Federal Resource Management and Ecosystem Services Guidebook
Many of the benefits nature provides to people are poorly accounted for in management decisions because resource managers haven’t had access to materials and tools that support this undertaking. This online-only guidebook developed by the National Ecosystem Services Partnership, federal agencies, and other partners addresses this need. It allows resource managers to better communicate with people about the positive and negative effects of natural resource management decisions. It also helps them explicitly consider how to balance outcomes that matter to people and to avoid unintended consequences.

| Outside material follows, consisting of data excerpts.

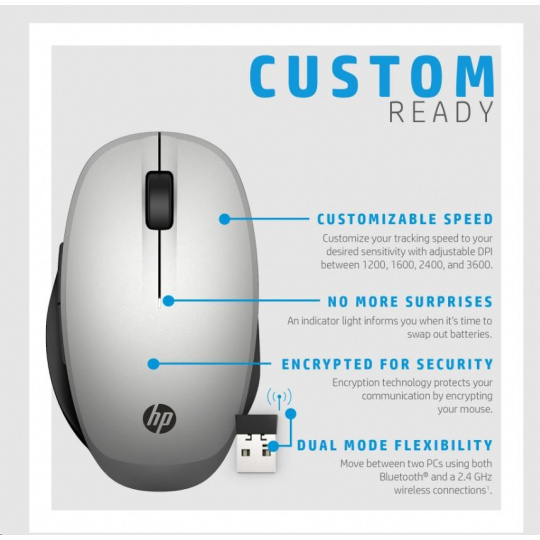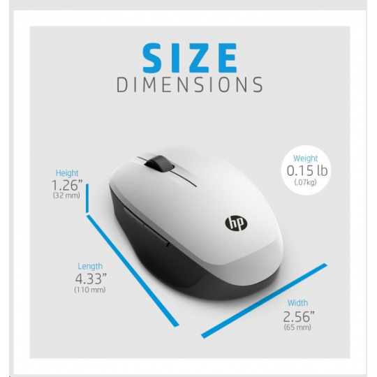 Myš HP Dual Mode Silver Mouse 300 - myš bluetooth, pripojenie k dvom počítačom súčasne
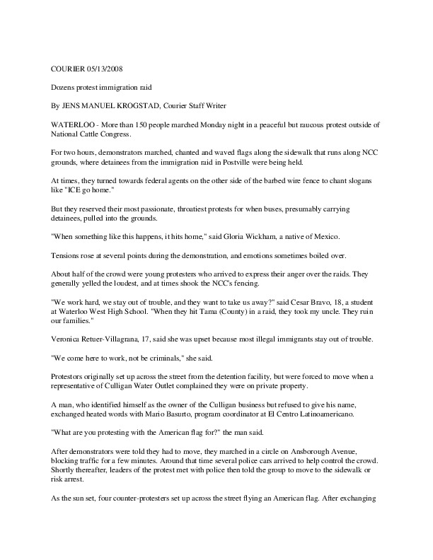 Newspaper article from May 13, 2008, Courier: More than 150 people marched Monday night in a peaceful but raucous protest outside of National Cattle Congress. For two hours, demonstrators marched, chanted and waved flags along the sidewalk that runs along NCC grounds, where detainees from the immigration raid in Postville were being held.
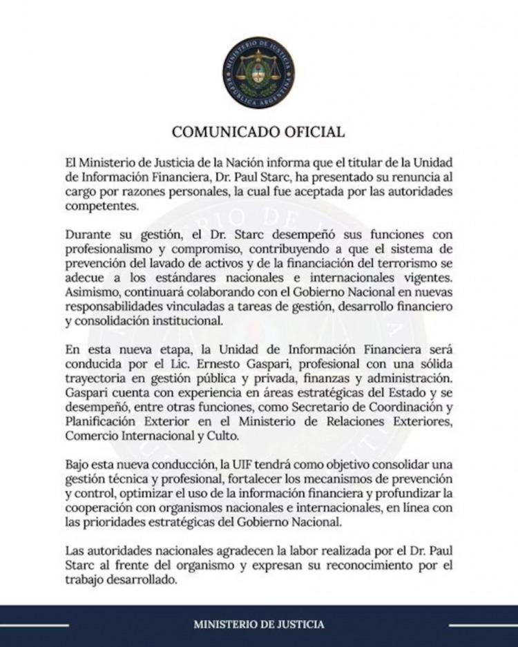 “Durante su gestión, el Dr. Starc desempeñó sus funciones con profesionalismo y compromiso, contribuyendo a que el sistema de prevención del lavado de activos y de la financiación del terrorismo se adecue a los estándares nacionales e internacionales vigentes", señalaron en el escrito difundido por el Ministerio de Justicia.
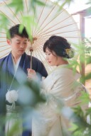 背景を砂壁でシンプルに撮ればおふたりがより目立ちますよ。こんなラフなショットも画になります。
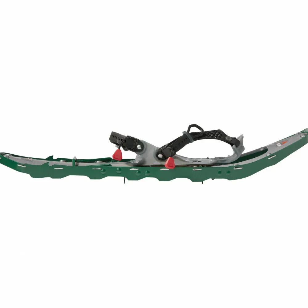 Ob flaches oder hügeliges Gelände vor einem liegt, der 360° Traction-Rahmen sorgt für hervorragende Trittsicherheit. Die Steighilfe liefert zusammen mit den Zähnen am Rand, den horizontal angebrachten Zackenleisten und den zwei Frontzacken ideale Griffigkeit und unterstützt alle Bewegungsabläufe zuverlässig. Mit der Bindung lässt sich der Schneeschuh optimal fixieren. Dadurch wird ein natürliches Abrollverhalten ermöglicht. Die Kunststoffauflage bringt beim Schneeschuhwandern mehr Auftrieb. Das ist vor allem im Tiefschnee von Vorteil und wenn man mehr Gewicht mit sich trägt. Alles in allem ist der Lightning Trail ein toller Allrounder, der jedes Abenteuer durch den Schnee mitmacht!
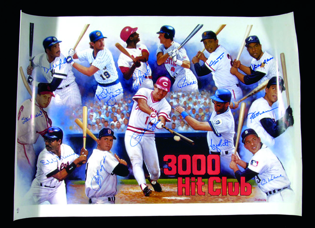 Description:3,000 Hit Club autographed poster. Large format print has been signed by (13) incl. Mays, Aaron, Yount, Brett, Musial, Rose, Yastrzemski, Kaline, Brock, Carew, Molitor, and Winfield. Blue marker signatures rate 8-9/10 out of 10. Measures 25"x37" and has been tastefully matted and framed to slightly larger dimensions for display. Includes auction LOA from JSA: NM
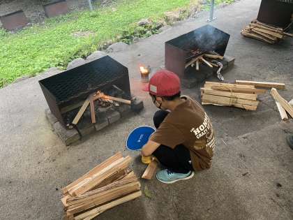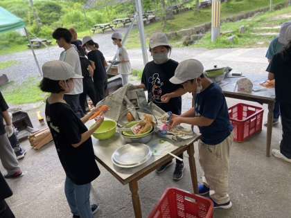 カレーライス作りが始まりました。ご飯・具材・かまどの係に分かれて、活動を進めていきます。
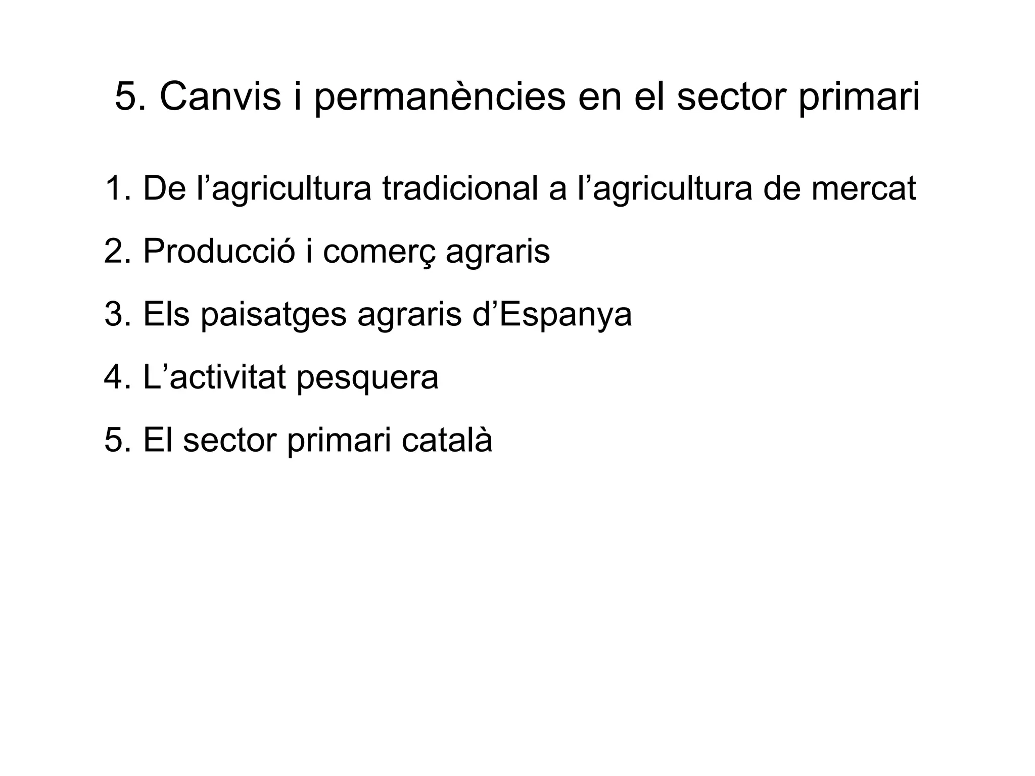 5. Canvis ipermanències en el sector primari De l’agricultura tradicional a l’agricultura de mercat Producció i comerç agraris Els paisatges agraris d’Espanya L’activitat pesquera El sector primari català
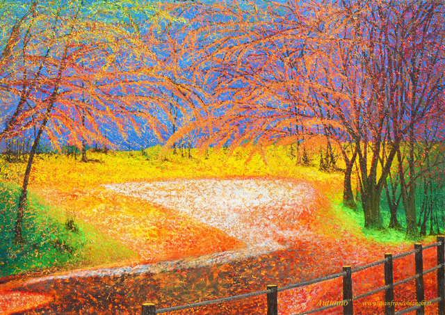Tovaglietta americana in carta plastificata rigida formato A3 (cm 29,7 x 42) su cui è stampata l'opera di Gianfranco Bianchi "Autunno".
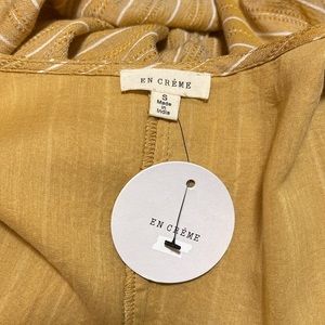 En Crème Gauze Stripe Kimono Sleeve Romper with Waist Tie Belt
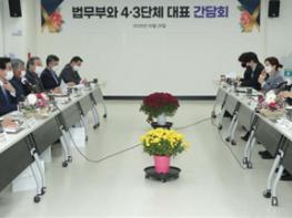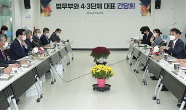 법무부는10. 29일 제주4·3트라우마센터에서 제주4·3사건 단체들과 함께 제주4·3사건의 피해 회복을 위한 현장 간담회를 개최하였다고 밝혔다.
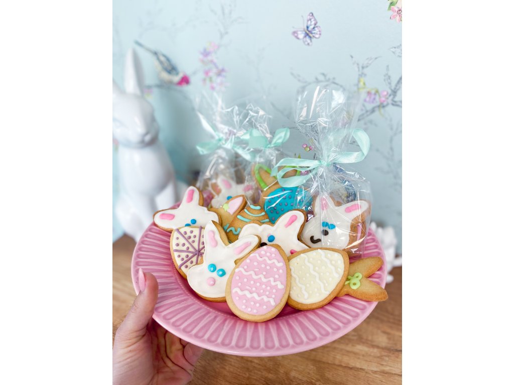 Sušenky jsou krásně křehké díky poctivému máslu a zdobené barevnou polevou do tvaru roztomilých zajíčků a kraslic. Jsou ideální jako drobná pozornost pro koledníky, stylová dekorace k jarní kávě nebo prostě jen tak pro radost k zakousnutí.
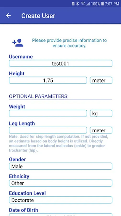 * Just provide your body height and get started! Other optional demographic information can be provided, and will allow you to compare your walking characteristics to other gender- age- location- matched individuals (coming soon!).

Innovating for a Sustainable and Resilient Water Future: A Report from the 2014 Aspen-Nicholas Water Forum
Water crises are not the outcome of climate change, population growth, new contaminants, or financial constraints but of the convergence of these challenges combined with the realities of undervalued water, policies that preserve the status quo, and under-financed and degraded water systems. To address the urgent need for infrastructure upgrades and resilience building in U.S. water systems as well as the need for leadership and synergistic action in the space, the Aspen-Nicholas Water Forum in May 2014 brought together water experts with diverse knowledge—from finance and policy to technology and ecosystems. This report captures ideas and sentiments expressed during the forum. The report concludes with five priorities for near-term action: (1) disseminating innovations developed by leading utilities to smaller utilities, (2) strengthening water sector leadership and innovation for climate change resilience, (3) generating awareness about the value of water, (4) facilitating data integration to improve water management, and (5) addressing federal-state-local tensions in water resource management. All these challenges represent nascent opportunities for increasing water sustainability—but they cannot be addressed by a single sector of the water industry, a single layer of government, or a single type of investor. Synergetic approaches are needed to develop truly novel solutions.